Agriculture in India, over the long term may be severely challenged due to rapidly dropping water tables and urbanization. Even if India meets the agricultural challenges, India will remain an importer in the immediate future.


Refer to charts on http://conservationfinance.wordpress.com/2006/08/

Why Alliance Grain Traders?

1. They provide value-added processing of pulses and buy lentils, peas, beans and chickpeas from farmers around their 24 facilities located in the best pulse growing regions in Canada, the United States, Turkey, Australia and China and ship them to over 85 countries around the globe.

Value added processing covers the following function - Alliance Grain Traders state-of-the-art production facilities features production lines for cleaning, sizing, splitting, colour-sorting and packaging a full line of lentil, chickpea, pea, bean and canary seed products.
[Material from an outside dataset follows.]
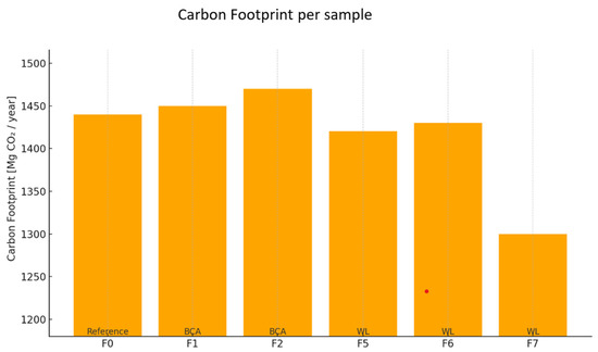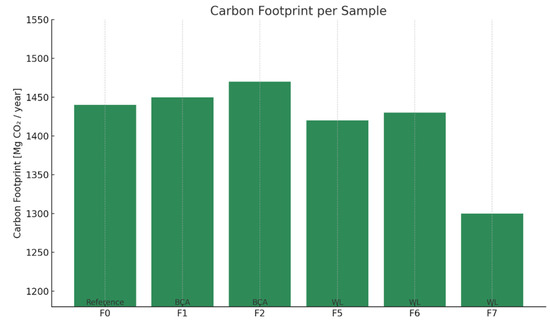The analysis aimed to determine the annual carbon footprint (CO2 emissions) for a reference sample and recipe variants containing waste raw materials (biochar, ash, sodium lignosulphonate). The calculations were performed on a ‘cradle-to-gate’ basis, i.e., they included the emissions associated with the production and delivery of raw materials to the plant.
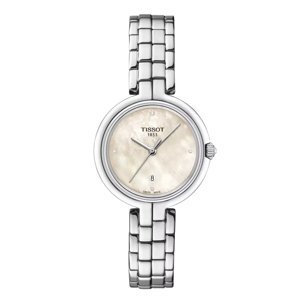 Tissot Flamingo T094.210.11.116.02 mang nét thanh lịch vượt thời gian và nữ tính tinh tế, kết hợp tay nghề Thụy Sĩ cùng phong cách hiện đại. Mặt số xà cừ trắng được điểm xuyến 4 viên kim cương (độ trong VS-SI) tạo hiệu ứng sang trọng nhưng nhẹ nhàng.

2. Strong management with a dividend paying stock that has experienced a bit of a pull back. Investor presentations can be seen at http://www.alliancegrain.com/investor-relations/presentations.html

http://finance.yahoo.com/q?s=AGT.TO

Thursday, January 13, 2011

Canadian Supplier to The Tata Nano

CV Tech group of Quebec has supposedly been talking to Tata Motors about supplying the automatic transmission for the Tata Nano according to a report in The Times of India - http://timesofindia.indiatimes.com/city/ahmedabad/Tata-Motors-in-tie-up-talks-with-Canada-firm/articleshow/7273401.cms

The Nano has been a bit of a sales dud in India so far. If you think the trend may end up being reversed then CV Tech group - http://finance.yahoo.com/q?s=CVT.TO may be an interesting play to look at.

Tuesday, January 4, 2011

Making Movies A Bit More Realistic

Question
How can movie theatres squeeze out more revenue from each seat?

Answer
Make the movie going experience even more immersive. A case in point is Quebec, Canada based D Box Technologies - http://www.d-box.com/


Value Proposition
While not quite the sci-fi future of virtual reality, D Box seems to have quite a unique niche when it comes to gaming, home theatre systems and movie going. Imagine being pitched and feeling the tremors and shakes as the celluloid action unfolds.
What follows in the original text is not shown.